MUSTARD-CRUSTED TURKEY BREAST
This sheet-pan supper features turkey breast, carrots, and broccoli for an easy and nourishing meal. Make sure you use a flavorful whole-grain mustard to coat the turkey.
Provided by Martha Stewart
Categories Food & Cooking Ingredients Meat & Poultry Turkey Recipes
Time 1h30m
Number Of Ingredients 6
Steps:
- Preheat oven to 425 degrees. On a rimmed baking sheet, toss carrots with 1 teaspoon oil; season with salt and pepper. Push carrots to edges of baking sheet; place turkey in center, skin side up. Coat top of turkey with mustard; season with salt and pepper. Roast until beginning to brown, 20 to 25 minutes.

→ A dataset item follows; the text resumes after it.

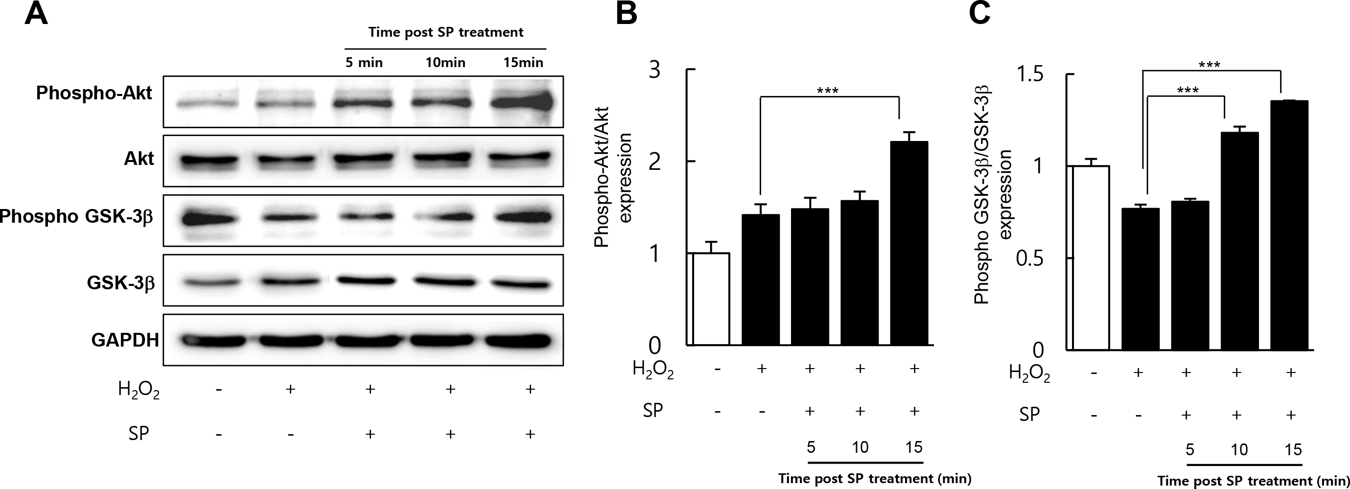 Figure 4. SP activates the Akt/GSK-3β signaling in RPE cells under oxidative stress. RPE cells were treated with 200 μm H2O2 for 24 h, and substance P (SP) was added for 5, 10, and 15 min. A: The levels of phospho-Akt and phospho-glycogen synthase kinase (GSK)-3β were detected with western blotting. B, C: Phospho-Akt and phospho-GSK-3β protein expression levels, relative to the total Akt and GSK-3β, were quantified using the

- In a large bowl, toss broccoli with remaining 2 teaspoons oil. Season with salt and pepper; toss broccoli with carrots on baking sheet. Continue roasting, tossing vegetables once, until turkey is browned and an instant-read thermometer inserted in center registers 165 degrees, 30 to 40 minutes.
- Transfer turkey to a cutting board; tent loosely with aluminum foil, and let rest, 5 to 10 minutes. Slice turkey, and serve with vegetables, accompanied by mustard, if desired.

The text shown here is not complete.